XLOG has several validation layers. They answer different questions and should not be collapsed into one test count.
Do not use stale fixed pass-count snapshots as public certification statements. The authoritative gate is the command that ran, the hardware it ran on, and the evidence it produced.

Validation Layers

LayerWhere it runsWhat it proves
GitHub CIGitHub-hosted runnersFormatting, workflow hygiene, package metadata, no-GPU CUDA build, and non-GPU checks.
Docs site CIGitHub Actions for docs-site/**Mintlify validation, broken-link checks, and static export publication.
GPU release validationMaintainer-run CUDA hostActual CUDA behavior through scripts/validate_release_gpu.sh.
Subsystem reliability gatesSubsystem-specific suitesStatistical or staged reliability for neural-symbolic and other higher-level engines.
Green GitHub CI does not certify GPU correctness. GPU certification requires a CUDA machine.

GPU Release Gate

The canonical manual gate is:
scripts/validate_release_gpu.sh --mode release
The script:
  • sets XLOG_REQUIRE_CUDA=1, so CUDA initialization failures cannot be skipped;
  • requires a visible NVIDIA GPU through nvidia-smi;
  • runs release doctor checks;
  • builds the workspace and xlog-cli release binary;
  • stages Python and CLI kernel artifacts;
  • builds the pyxlog wheel and CLI archive;
  • runs xlog-cuda-tests certification in release mode;
  • runs a basic xlog run smoke command;
  • verifies that packaged artifacts include the expected kernel files.
Use --mode smoke for a shorter CUDA smoke gate. Use --dry-run only to inspect the command sequence; it does not certify GPU behavior.

Docs Gate

The docs workflow triggers on edits under docs-site/** or the workflow itself. It uses Node 22, installs [email protected], runs:
mint validate
mint broken-links
mint export
On main, the exported static bundle is pushed to the docs-dist branch. The DigitalOcean App Platform site serves that branch at xlog.md.

Reliability Gates

Reliability gates are not the same as CUDA kernel certification. The real staged reliability labels used in the repository are:
  • alpha: 5/5;
  • beta: 20/20, defined as 5 seeds across 4 stages;
  • GA: 50/50 with Clopper-Pearson confidence accounting.
Use those labels only for the subsystem that defines and runs that gate. Do not reuse them as global CUDA test counts.

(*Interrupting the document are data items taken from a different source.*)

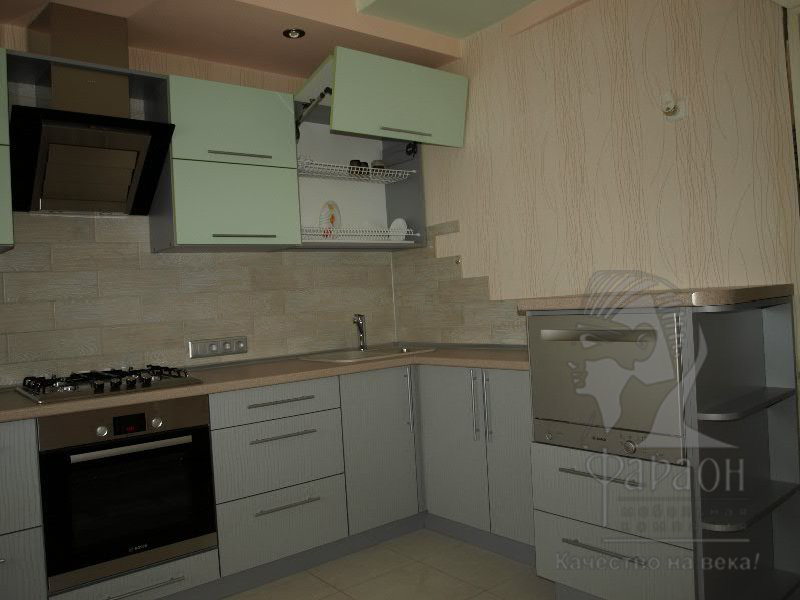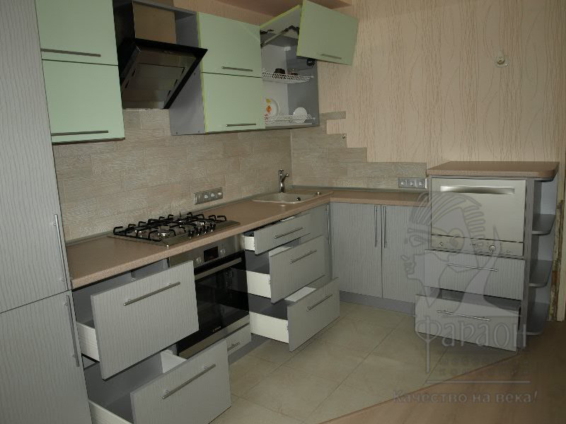 Угловая кухня отличается комбинированным исполнением: нижние фасады окрашены в серый цвет, верхние – в салатовый. Ящики комплектуются только качественной и современной фурнитурой, обеспечивающей плавное и бесшумное открывание. Предусмотрены открытые полочки.
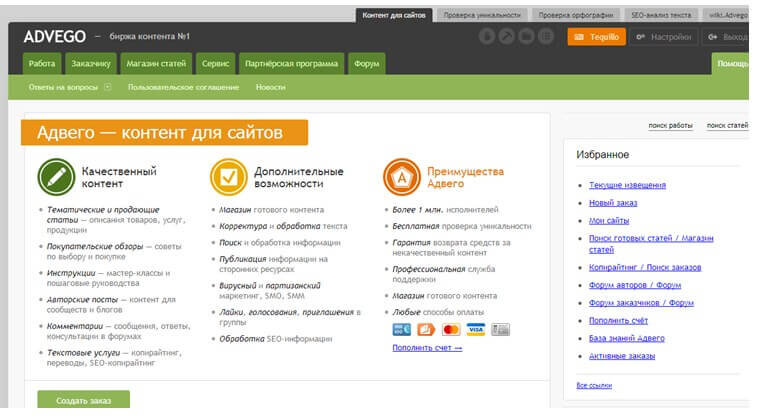 Advego - сайт для заработка в интернете без ДЕНЕЖНЫХ вложений. Вам предстоит пройти легкую регистрацию, а далее выполнять задания и зарабатывать деньги. Задания есть как и простые ( подписка/лайки в сот сетях ; отзывы и многое другое ) так и сложные ( написать статью и многое другое ). Простые задания может выполнить каждый и поэтому они МАЛООПЛАЧИВАЕМЫЕ - от 10 до 200 рублей., а вот задания посложнее может выполнить далеко не каждый и поэтому они хорошо оплачиваются - от 500 до 3-4тысяч и более. Так же на сайте можно продавать свои статьи или покупать чужие, так же можно проверить их на уникальность... Вывод денежных средств на сайте от 500рублей. На карты и электронные кошельки. В день можно заработать от 0 до 6-7т рублей
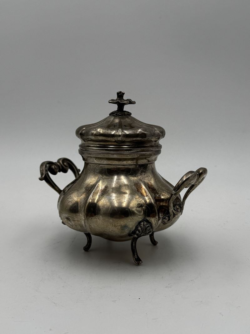 Zuccheriera in argento 800. XX secolo, Italia. Reca punzone 800. Peso: 215 gr.
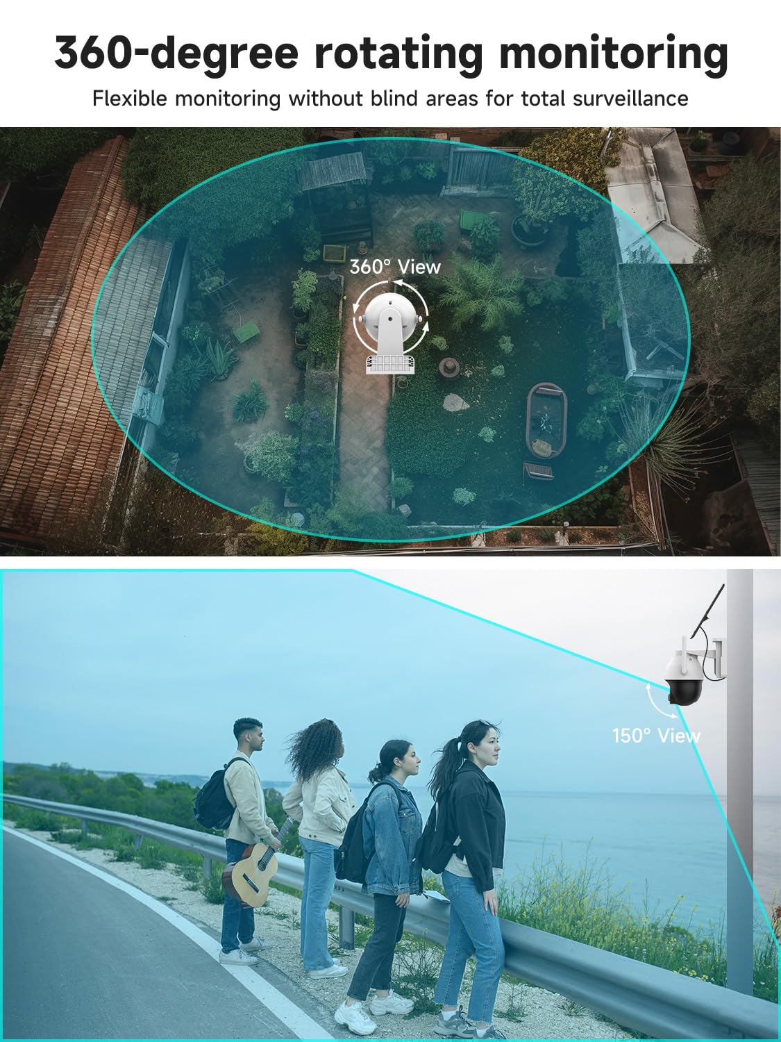 Juancloud Solar Security Cameras Wireless Outdoor, 2K Camera Outdoor With Color Night Vision,Spotlight Alarm,Pir Detection,2-Way Talk
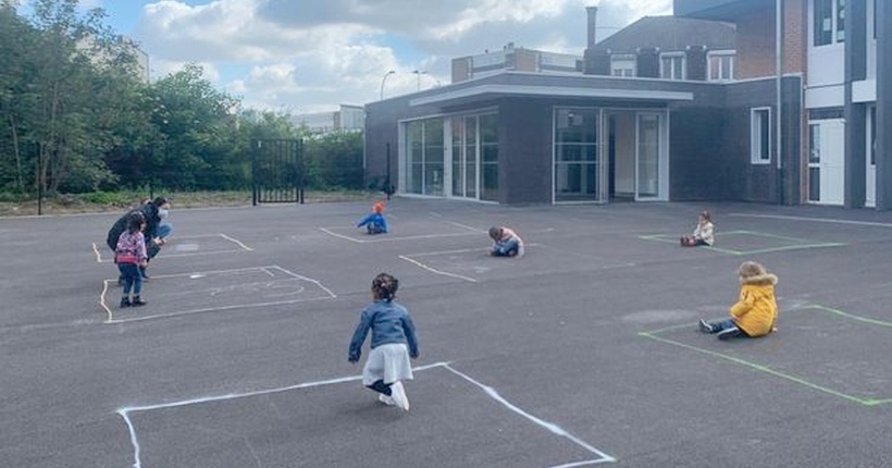 Новата тажна реалност: Деца мораат да си играат на дистанца во зони исцртани со креда во градинка во Франција

Epistemic Candidate Bounds

Epistemic execution does not use a public fixed-literal or large hardcoded candidate-count bound. The source computes max_candidates = 2^(number of epistemic literals) and caps models per reduction at MAX_MODELS_PER_REDUCTION = 1024. Document that concrete bound when discussing epistemic planning limits.

Evidence Requirements

A certification claim should include:
  • exact command;
  • commit or release tag;
  • CUDA toolkit and GPU class;
  • whether XLOG_REQUIRE_CUDA=1 was active;
  • route counters or transfer telemetry when the claim depends on a specific optimized path;
  • artifact or log location when the evidence is durable.
If those details are missing, phrase the result as a local check, not a release certification.